There are a lot of cut scenes, too, most of them not unwieldy, but it does sometimes feel like a game where you run and walk and hide just to get to the next dramatic (or undramatic) story moment. The problem of motivation I mentioned above mostly just means you have to accept the fact that you’re running around doing things simply because someone’s told you to– or, because, thinner still, you’ve been told by Kenway himself that it’s time to get some money.
And this may be a niggling comment, but Ubisoft seems to have listened to my imaginary branding guru, because the game kicks off with you as Kenway, before you even go into the Animus. Why? Who knows. Probably because people love being pirates. (I told you so, says my branding guru.) You’re given roughly four minutes of some vague bookending where you are told, inanely, that you are now going to be running through Desmond’s memories for research, and then into the Animus you go. You can leave the Animus at any time, but there’s no point for the vast majority of the game, except that you can wander around the office while no one acknowledges you, have conversations with no one, look at some artwork on the walls, and then go back into the Animus. It’s an artifice that mostly seems to exist to remind you, vaguely, that this is an Assassin’s Creed game– in mechanics, if not completely in spirit. This is probably a significant win for people who felt like all that Desmond stuff was silly anyway (and they probably wouldn’t be wrong, though I miss him already). The game occasionally remembers where it came from and harkens back to that, and the only real problem with this is that it distracts from what the game really is: a fine pirate game indeed. RIP, Desmond.

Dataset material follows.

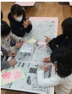
色塗り頑張りました!!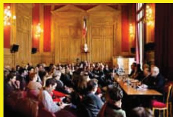
TABLES RONDES PAGES 16, 18 ET 23

This all goes down to what really is the bottom line: don’t play Assassin’s Creed: Black Flag because you love Assassin’s Creed. Play it because you love being a pirate.
Not out yet, but look for it soon. Ubisoft has already released several details of the multiplayer, which has always served the previous single player-focused games well, and it looks like you’ll be able to change weather conditions and various other perks– but no sea battles. Yet. It sure does look cool, though.
I feel like most of the game is extras, in some weird way. The best parts of it are when you wander away from the story quests, which are mostly just nonsense anyway, and you run around a deserted island or interfere in the affairs of strangers.
SpawnFirst Recommends …
Okay, geez. Being a pirate is a lot of fun. There are places in Black Flag that may feel a little like the video game equivalent of white noise, but everyone loves pirates, so put your feet up, look out at the coast from the bridge of your Jackdaw, and embrace your inner pirate tendencies.